Because of its potential, urea can reduce feed costs by replacing vegetable protein sources like soybean meal in diets [4, 5]. Urea is a non-protein nitrogen source that ruminants can consume; however, it is inefficiently used and poses dangers due to its high rumen solubility. Hailemariam et al. [6] reported that direct feeding of urea causes rapid ruminal decomposition, which can result in inefficient nitrogen use and hyperammonemia. Additionally, Hynes et al. [7] noted that the high solubility of urea leads to excess nitrogen in the rumen, causing toxicity and energy wastage, as energy is required to eliminate excess ammonia from the blood. This results in negative environmental, health, and economic impacts.
Urea releases ammonia (NH₃) more rapidly than rumen microbes can utilize it for protein synthesis [8]. Therefore, it is crucial to slow its release by synchronizing it with energy sources in the rumen. Improving nitrogen consumption efficiency in the rumen relies on the synchronization of carbohydrate decomposition and nitrogen availability [9].

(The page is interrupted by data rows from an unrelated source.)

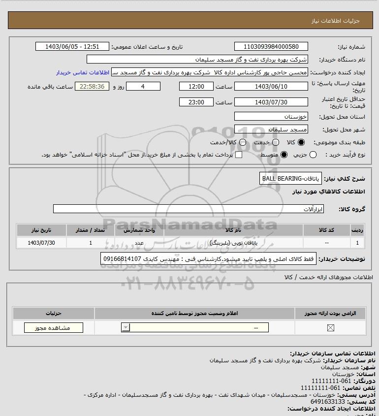 | 1 | -- | یاتاقان توپی (بلبرینگ) | عدد | 1 | 1403/07/30 |
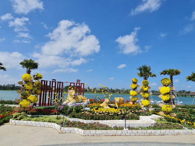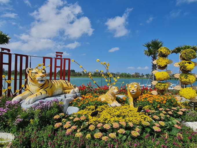 Tiểu cảnh "Gia đình Hổ" rất bắt mắt là nơi được nhiều người lựa chọn để chụp hình.
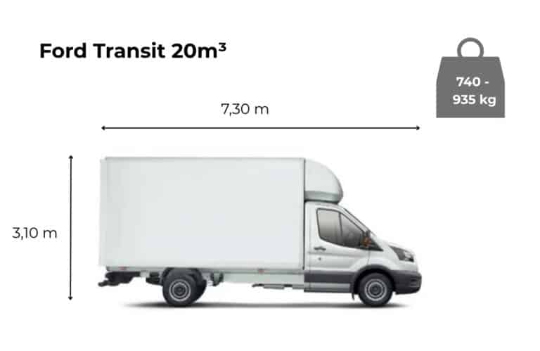 - Large moving truck 20 m³ – Rear lift makes large transports easier
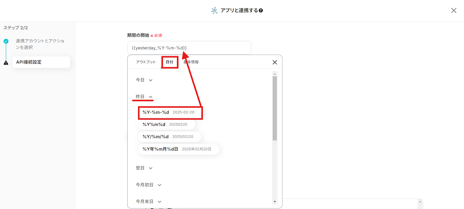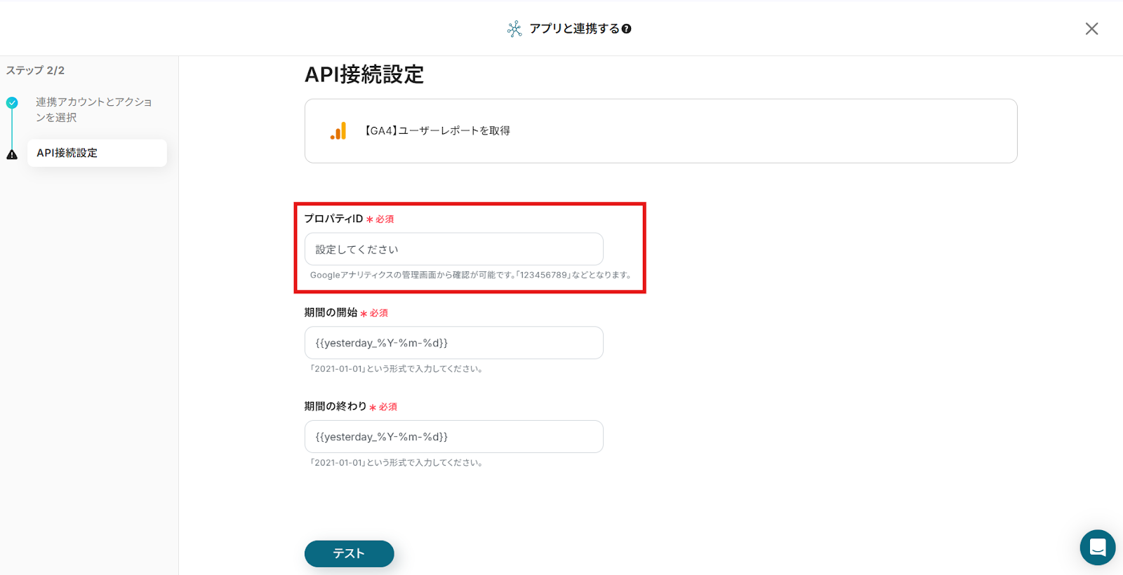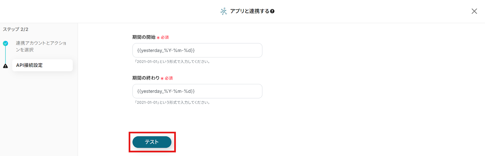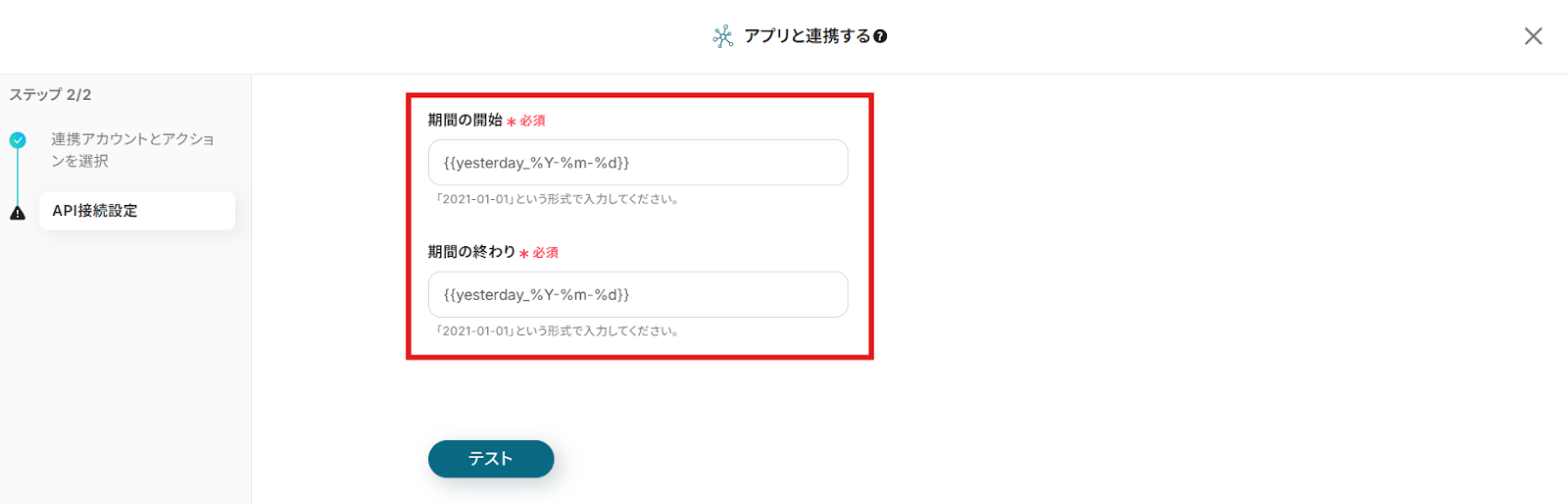期間の開始と期間の終わりは、いつからいつまでのデータを取得するかという設定になります。
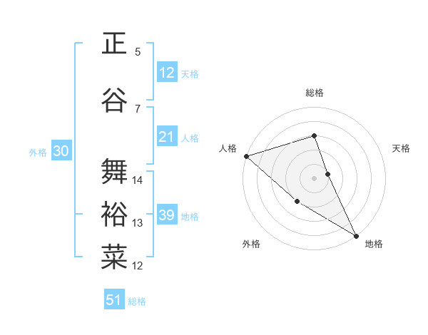 正谷 舞裕菜さんを姓名の画数から五運を鑑定
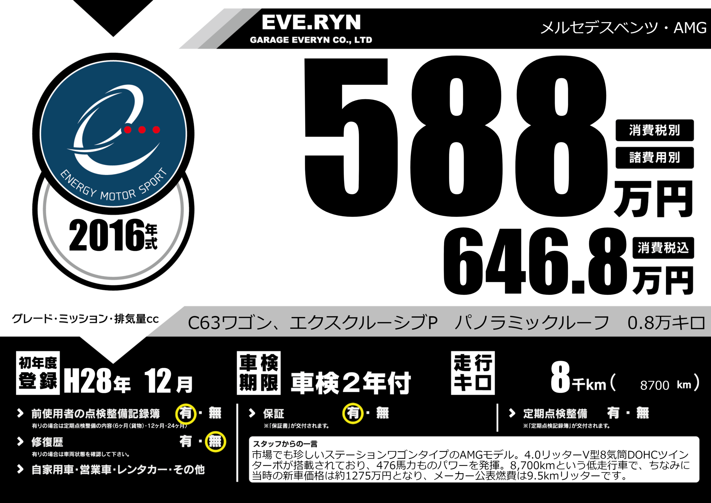 C63ワゴン、エクスクルーシブP パノラミックルーフ 0.8万キロ |
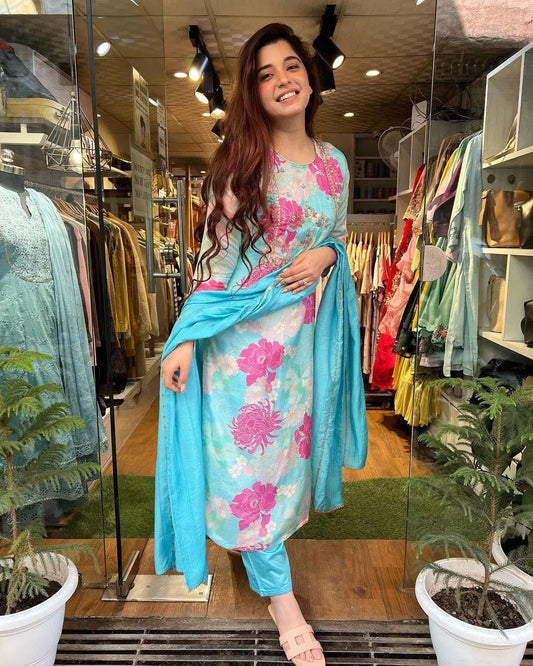 Floral Digital Print Kurti Pant Dupatta Set (Stitched)

A more slowly degradable type of urea has long been sought after, promoting better incorporation of ammonia into microbial protein synthesis while reducing urea excretion in urine [2]. According to Gonçalves et al. [10], products designed for controlled urea release are generally referred to as slow-release urea (SRU). These products enhance nitrogen utilization by rumen microorganisms and improve microbial protein synthesis. However, developing SRU products is challenging, as it requires controlling the gradual release of NH₃ without excessively limiting urea degradation in the rumen [11]. Slow-release urea provides a continuous nitrogen supply to rumen microbes, leading to greater microbial protein production for the host animal [12, 13]. According to Niazifar et al. [14], the price of SRU products is a determining factor in whether or not people will buy them instead of more traditional plant protein sources. To better satisfy the nutritional demands of ruminants, it would be beneficial to produce locally created SRU products at a cheaper cost than imported alternatives. This would encourage more farmers to use them.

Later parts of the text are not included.